Information shown
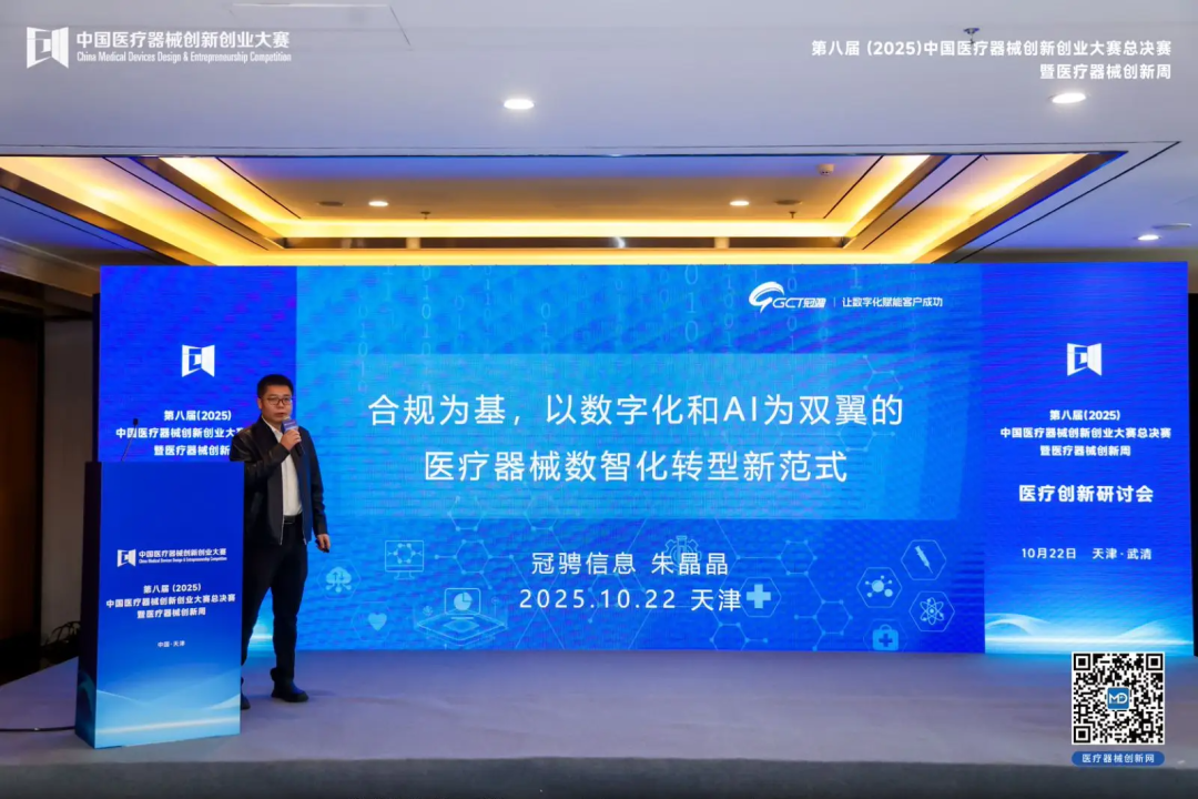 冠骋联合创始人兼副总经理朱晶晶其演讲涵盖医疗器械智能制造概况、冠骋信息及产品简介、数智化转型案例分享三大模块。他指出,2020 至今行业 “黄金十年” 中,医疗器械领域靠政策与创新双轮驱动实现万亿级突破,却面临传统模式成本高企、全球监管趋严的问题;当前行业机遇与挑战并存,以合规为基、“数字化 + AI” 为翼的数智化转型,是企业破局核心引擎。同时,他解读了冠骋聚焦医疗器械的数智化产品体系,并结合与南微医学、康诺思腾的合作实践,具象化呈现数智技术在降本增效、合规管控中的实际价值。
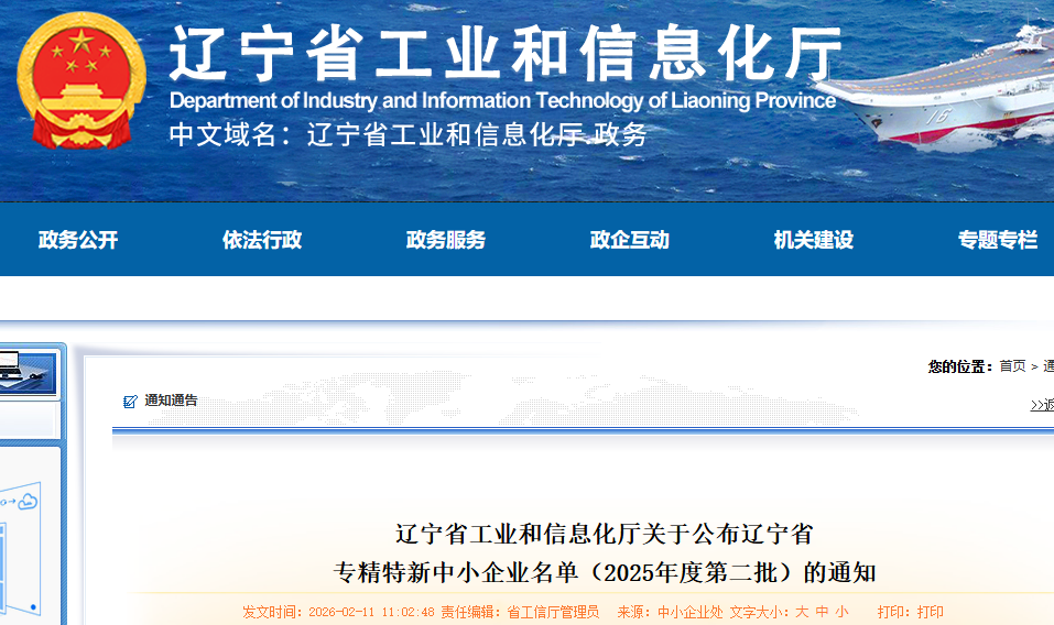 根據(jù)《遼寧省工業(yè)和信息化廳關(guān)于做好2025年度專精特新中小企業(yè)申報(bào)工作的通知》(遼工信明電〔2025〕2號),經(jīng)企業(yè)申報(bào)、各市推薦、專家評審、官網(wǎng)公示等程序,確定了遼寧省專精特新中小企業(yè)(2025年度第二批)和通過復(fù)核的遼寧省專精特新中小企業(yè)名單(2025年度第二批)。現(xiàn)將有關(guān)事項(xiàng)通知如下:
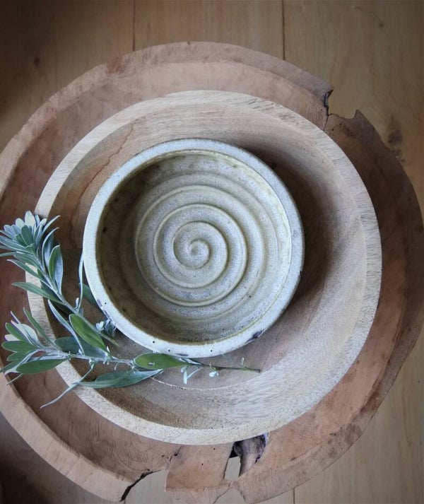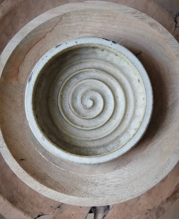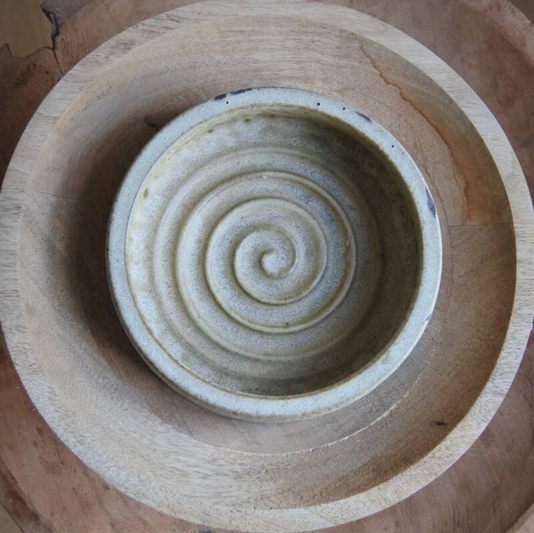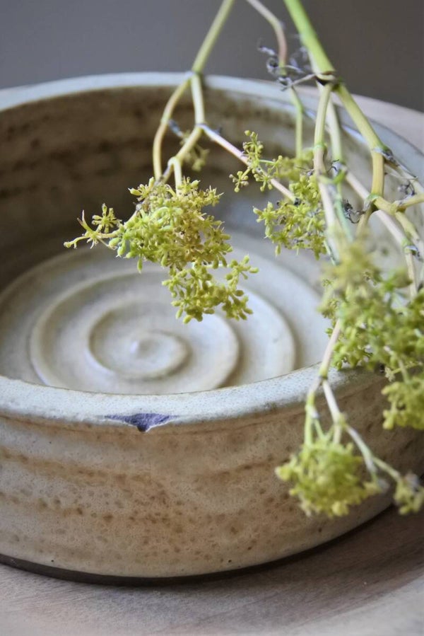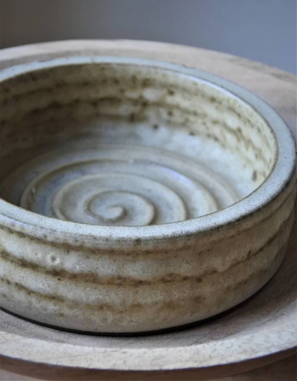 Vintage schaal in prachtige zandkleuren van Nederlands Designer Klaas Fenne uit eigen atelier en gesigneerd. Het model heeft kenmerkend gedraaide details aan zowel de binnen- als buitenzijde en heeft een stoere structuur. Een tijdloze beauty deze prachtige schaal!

About this task
Give back all the data exactly, minus pictures.

Response to this task
 冠骋联合创始人兼副总经理朱晶晶其演讲涵盖医疗器械智能制造概况、冠骋信息及产品简介、数智化转型案例分享三大模块。他指出,2020 至今行业 “黄金十年” 中,医疗器械领域靠政策与创新双轮驱动实现万亿级突破,却面临传统模式成本高企、全球监管趋严的问题;当前行业机遇与挑战并存,以合规为基、“数字化 + AI” 为翼的数智化转型,是企业破局核心引擎。同时,他解读了冠骋聚焦医疗器械的数智化产品体系,并结合与南微医学、康诺思腾的合作实践,具象化呈现数智技术在降本增效、合规管控中的实际价值。
 根據(jù)《遼寧省工業(yè)和信息化廳關(guān)于做好2025年度專精特新中小企業(yè)申報(bào)工作的通知》(遼工信明電〔2025〕2號),經(jīng)企業(yè)申報(bào)、各市推薦、專家評審、官網(wǎng)公示等程序,確定了遼寧省專精特新中小企業(yè)(2025年度第二批)和通過復(fù)核的遼寧省專精特新中小企業(yè)名單(2025年度第二批)。現(xiàn)將有關(guān)事項(xiàng)通知如下:
 Vintage schaal in prachtige zandkleuren van Nederlands Designer Klaas Fenne uit eigen atelier en gesigneerd. Het model heeft kenmerkend gedraaide details aan zowel de binnen- als buitenzijde en heeft een stoere structuur. Een tijdloze beauty deze prachtige schaal!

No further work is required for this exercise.